Task
Reproduce the lines below exactly, from the one containing "12×12 S Custom Indoor Sauna Kit" through the one containing "En otro bol", both included. Leave out any pictures.

══ Available data ══

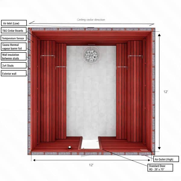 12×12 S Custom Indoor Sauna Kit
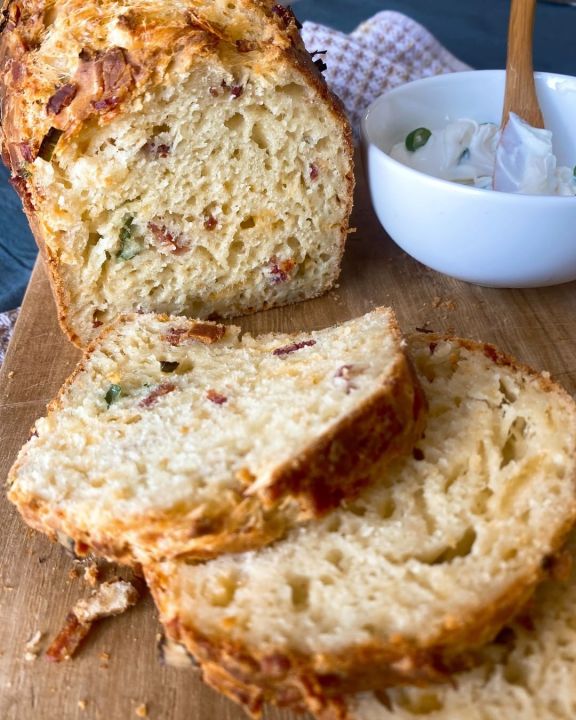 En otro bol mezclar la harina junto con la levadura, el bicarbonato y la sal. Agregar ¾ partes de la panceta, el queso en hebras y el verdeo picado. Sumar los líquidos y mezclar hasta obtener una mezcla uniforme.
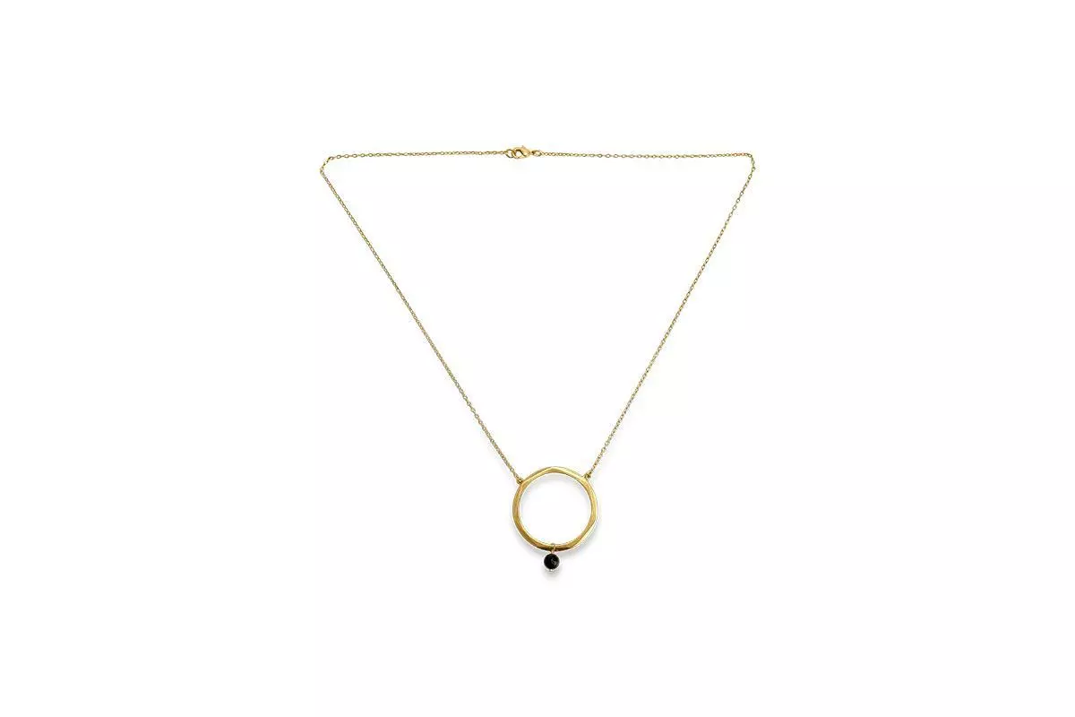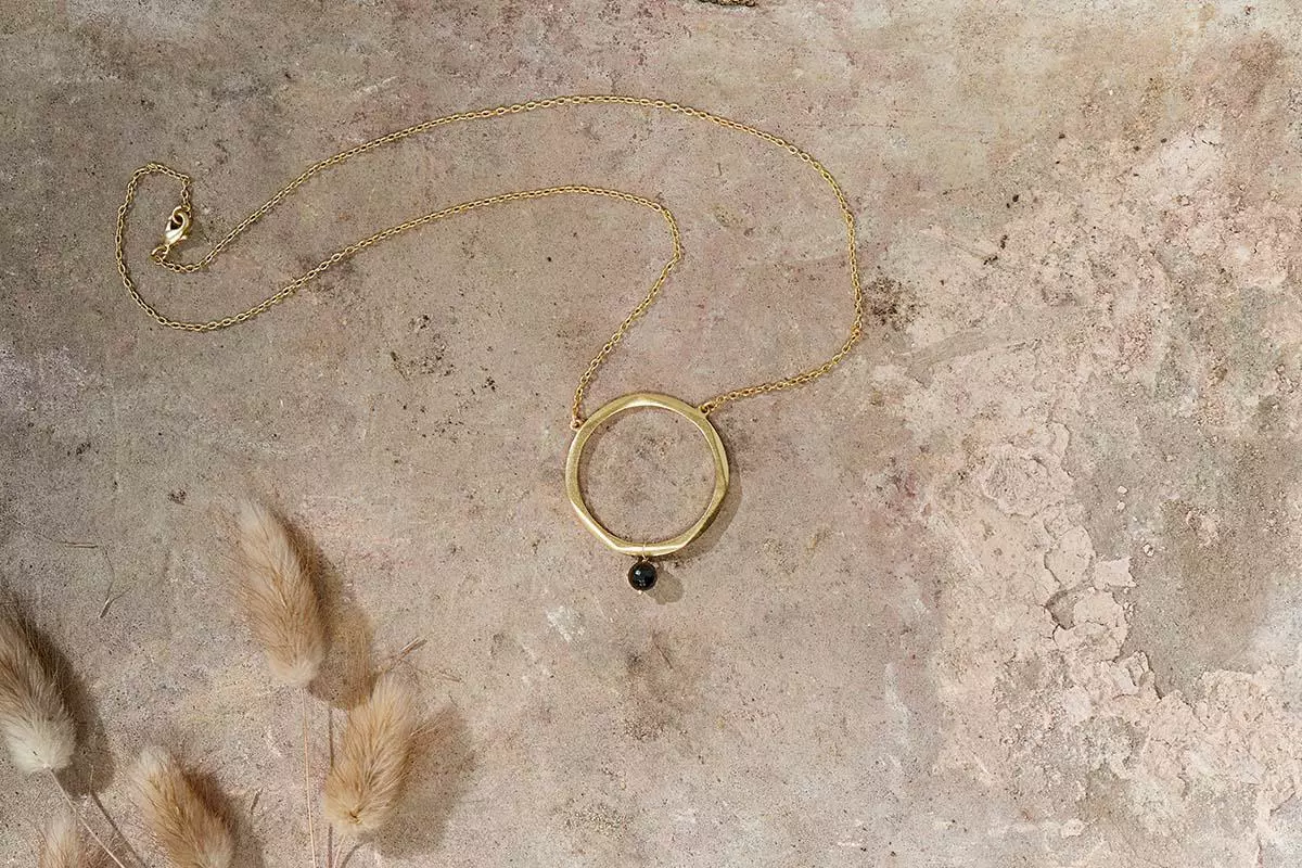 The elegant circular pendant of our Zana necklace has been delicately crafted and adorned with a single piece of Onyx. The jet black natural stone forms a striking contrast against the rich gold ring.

═══
══ Available data ══

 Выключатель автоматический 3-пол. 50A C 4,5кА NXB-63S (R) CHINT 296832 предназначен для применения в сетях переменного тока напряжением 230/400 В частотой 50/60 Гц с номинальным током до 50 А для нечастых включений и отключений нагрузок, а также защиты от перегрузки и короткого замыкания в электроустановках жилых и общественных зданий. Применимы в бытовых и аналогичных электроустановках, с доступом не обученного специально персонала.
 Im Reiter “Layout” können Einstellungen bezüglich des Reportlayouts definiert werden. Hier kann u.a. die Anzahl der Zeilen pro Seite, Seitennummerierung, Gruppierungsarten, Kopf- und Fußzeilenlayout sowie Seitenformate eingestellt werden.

═══

Solved exercise
 12×12 S Custom Indoor Sauna Kit
 En otro bol mezclar la harina junto con la levadura, el bicarbonato y la sal. Agregar ¾ partes de la panceta, el queso en hebras y el verdeo picado. Sumar los líquidos y mezclar hasta obtener una mezcla uniforme.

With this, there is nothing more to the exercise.